Firstly, this study was an open-label trial – that means that everyone involved in the study (both researchers and subjects) knew what drug they were taking. There was also no control group or control treatment for comparative analysis in the study. Given these conditions there is always the possibility that what some of the subjects were experiencing was simply a placebo effect. Indeed the lead scientist on the project, Dr Fernando Pagan, pointed out that “It is critical to conduct larger and more comprehensive studies before determining the drug’s true impact.”

In addition, according to Novartis (the producer of the drug), the current cost of Nilotinib is about $10,360 (£6,900) per month for the daily 800mg dose used for cancer treatment.
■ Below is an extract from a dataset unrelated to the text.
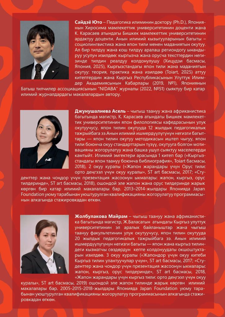 Монография обобщает результаты многолетнего сотрудничества между исследователями Японии и Кыргызстана и рассматривает ключевые аспекты преподавания японского языка и изучения японской культуры в кыргызском контексте.

Even if the dose used in this study was only 150 to 300 mg/daily, it would still make this treatment extremely expensive.

Thirdly, Nilotinib has a number of adverse side-effects when used as an anti-cancer drug (at 800mg/day). These include headache, fatigue, nausea, vomiting, diarrhea, constipation, muscle/joint pain, skin issues, flu-like symptoms, and reduced blood cell count. It may not be the nicest of treatments to tolerate.

There are important reasons for optimism, however, with the results of this study:

In 2010, a group of researchers published a paper demonstrating the neuroprotective effects of another cancer drug very similar to Nilotinib. That drug was ‘Gleevec’

Title: Phosphorylation by the c-Abl protein tyrosine kinase inhibits parkin’s ubiquitination and protective function.
Authors: Ko HS, Lee Y, Shin JH, Karuppagounder SS, Gadad BS, Koleske AJ, Pletnikova O, Troncoso JC,Dawson VL, Dawson TM.
Journal: Proc Natl Acad Sci U S A. 2010 Sep 21;107(38):16691-6.
PMID: 20823226

And that Gleevec publication was followed up a couple of years ago with a second study demonstrating the neuroprotective effects of another Abl-inhibitor: Nilotinib!

Title: The c-Abl inhibitor, nilotinib, protects dopaminergic neurons in a preclinical animal model of Parkinson’s disease.
Authors: Karuppagounder SS, Brahmachari S, Lee Y, Dawson VL, Dawson TM, Ko HS
Journal: Sci Rep. 2014 May 2;4:4874.
PMID: 24786396

These studies provided a strong rationale for testing brain permeable c-Abl inhibitors as potential therapeutic agents for the treatment of PD. The phase 2 trial at Georgetown will be starting in early 2016 and we will be watching this trial very closely.